A projected 2026 supply shortfall outside the U.S. is due to mine disruptions.
Austria has lost its final top credit rating from a major assessor.
Austria's downgrade is due to persistently high budget deficits.
Austria's downgrade ends its status as one of Europe's best-rated sovereign borrowers.
The South African rand shows resilience against other currencies.
Interest rate hikes and fiscal consolidation are supporting the rand.
The US-Iran standoff impacts market sentiment and global equities.
Morocco's ten-year bond yield is lower than that of the United States.
Copper futures for July delivery have rebounded into positive territory after experiencing mid-session losses. This volatility is attributed to expectations surrounding U.S. trade policies and a projected 2026 supply shortfall outside the United States, stemming from disruptions at mines.
In sovereign debt news, Austria has lost its final top credit rating from a major assessor. This downgrade is a consequence of the country's persistently high budget deficits and marks the end of its decades-long status as one of Europe's best-rated sovereign borrowers.
The South African rand is demonstrating resilience against other currencies, according to independent analyst Terence Hove. He attributes this strength to a combination of factors including fuel and interest rate hikes, positive ratings developments, and ongoing fiscal consolidation efforts. Hove also points to the impact of the U.S.-Iran standoff on global market sentiment and equities, as well as trends in cryptocurrency valuations.
Separately, a significant shift in international debt markets is highlighted by Morocco's ten-year bond yield, which is currently lower than that of the United States. This comparison underscores a notable development in global debt dynamics.
↳ Why This Matters
Copper futures for July delivery have rebounded into positive territory after experiencing mid-session losses. This volatility is attributed to expectations surrounding U.S. trade policies and a projected 2026 supply shortfall outside the United States, stemming from disruptions at mines.

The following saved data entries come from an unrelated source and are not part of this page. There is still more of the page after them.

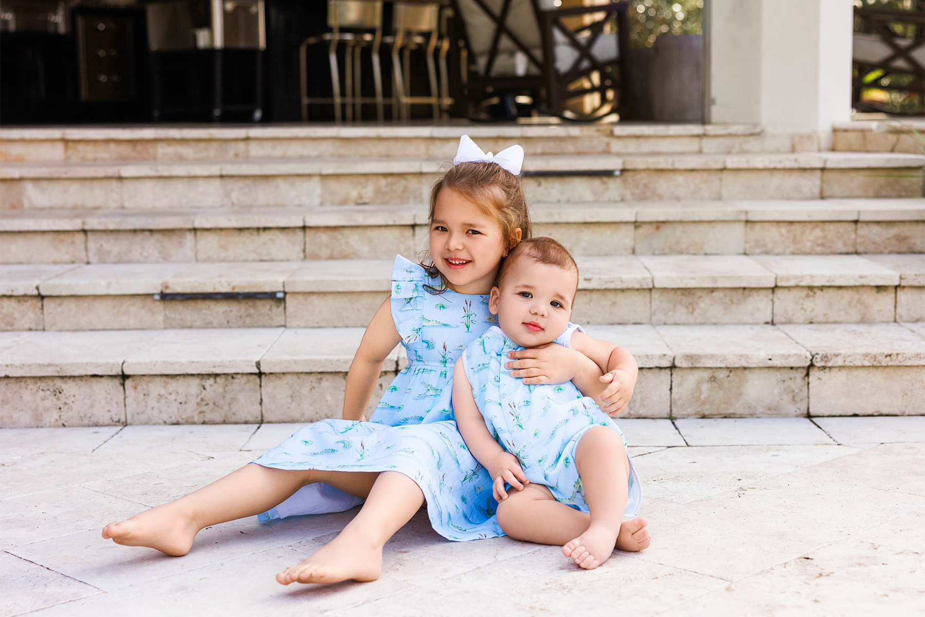 Let your little gator crawl, play, and explore in the ‘Gator Games’ Organic Muslin Shortall!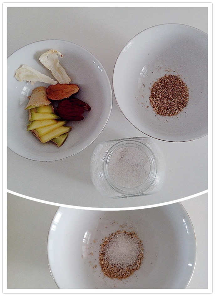 2.姜洗凈切成7片、紅棗去核切半、胡椒粉與鹽混合。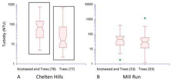 Turbidity response by vegetation. Outlined box plots indicate a statistical difference. When loggers were separated by vegetation type there was a statistical difference between mixed vegetation and trees only at Chelten Hills (A) but no statistical difference between the vegetation types at Mill Run (B). The logger site with trees at Chelten Hills was also highly incised.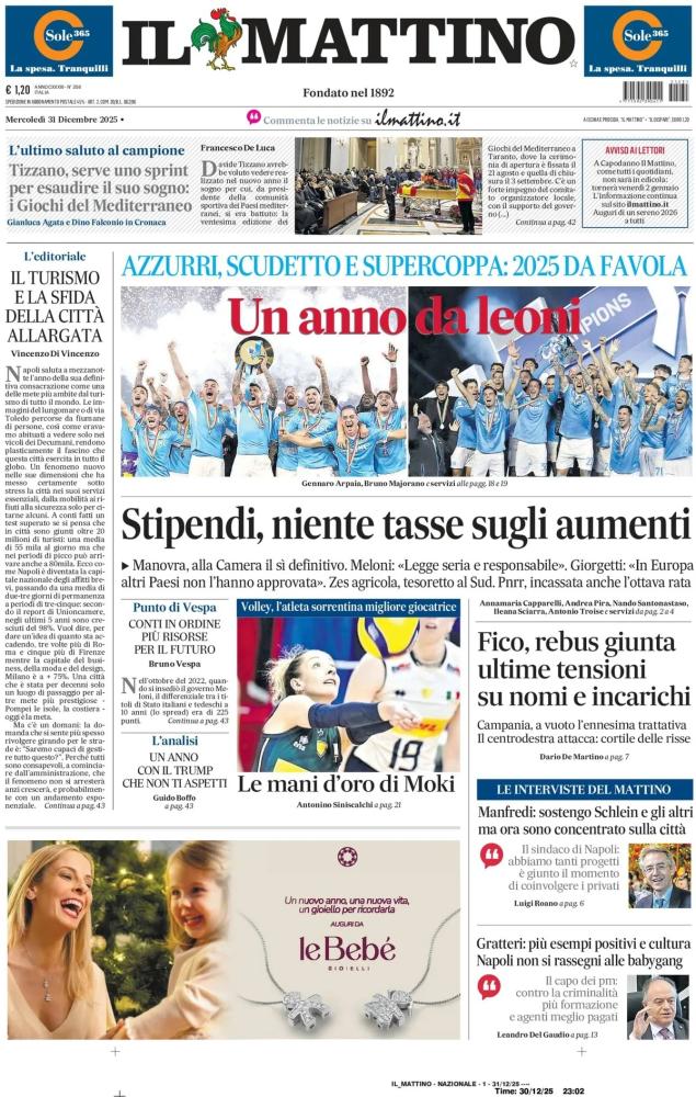 Nell'edizione di oggi, Il Mattino dedica l'apertura in prima pagina al 2025 straordinario del Napoli: "Un anno da leoni. Azzurri, Scudetto e Supercoppa: 2025 da favola". A centro pagina spazio a Monica De Gennaro, la pallavolista di origine sorrentina conquista il pallone d'oro del volley: "Le mani d'oro di Moki". Di seguito la prima pagina integrale.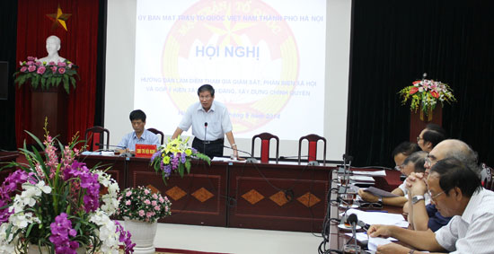 Chiều 29/9, Ban thường trực MTTQ TP Hà Nội đã triển khai hội nghị hướng dẫn làm điểm tham gia giám sát, phản biện xã hội và góp ý kiến xây dựng Đảng, chính quyền cho MTTQ và các đoàn thể, chính trị xã hội cho cán bộ chủ chốt MTTQ, đoàn thể chính trị trên địa bàn. Theo kế hoạch, có ba đơn vị được chọn thí điểm là MTTQ các huyện Đông Anh, Thạch Thất và MTTQ quận Hai Bà Trưng.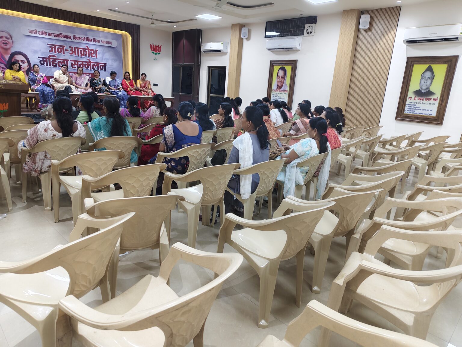 बिलासपुर। भारतीय जनता पार्टी महिला मोर्चा द्वारा रविवार को आयोजित जिला स्तरीय जन आक्रोश महिला सम्मेलन राजनीतिक संदेश देने से ज्यादा संगठन की जमीनी हकीकत उजागर करता नजर आया। नारी शक्ति वंदन अधिनियम में प्रस्तावित संशोधन के मुद्दे पर बुलाए गए इस सम्मेलन में मंच तो सजा, पदाधिकारी भी पहुंचे, लेकिन कार्यकर्ताओं की गैरमौजूदगी ने पूरे आयोजन की धार को कमजोर कर दिया।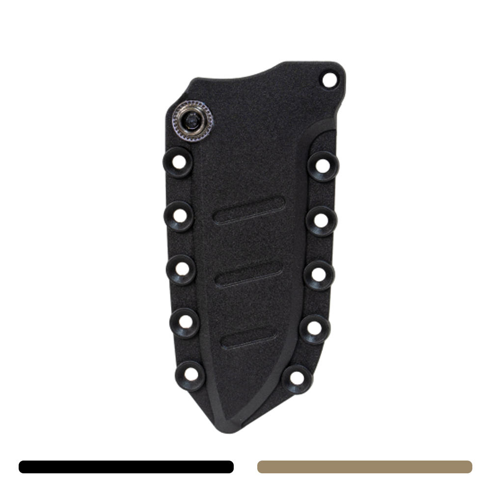 Adamasスタイルのトレーニングナイフ用シースです。ネジなどを通せるようになっており、MOLLEクリップやベルトループアダプターを使用することでプレートキャリアやベルトに装着できます。また固定用のホールも複数空いているので角度をつけることも可能でカスタムの幅が広いのも特徴です。

Frequently asked questions
Copper futures turned positive following a mid-session rebound, recovering from earlier losses. This recovery is influenced by market expectations around upcoming trade policies and revised price forecasts.
Market volatility is driven by upcoming U.S. trade policies, including a report on future tariffs, and revised price forecasts from major financial institutions.
They raised forecasts due to a projected 640,000-ton supply shortfall outside the U.S. for 2026, caused by mine disruptions in Indonesia and the Democratic Republic of Congo.
What Happens Next
01U.S. Commerce Department report on refined copper tariffs due June 30.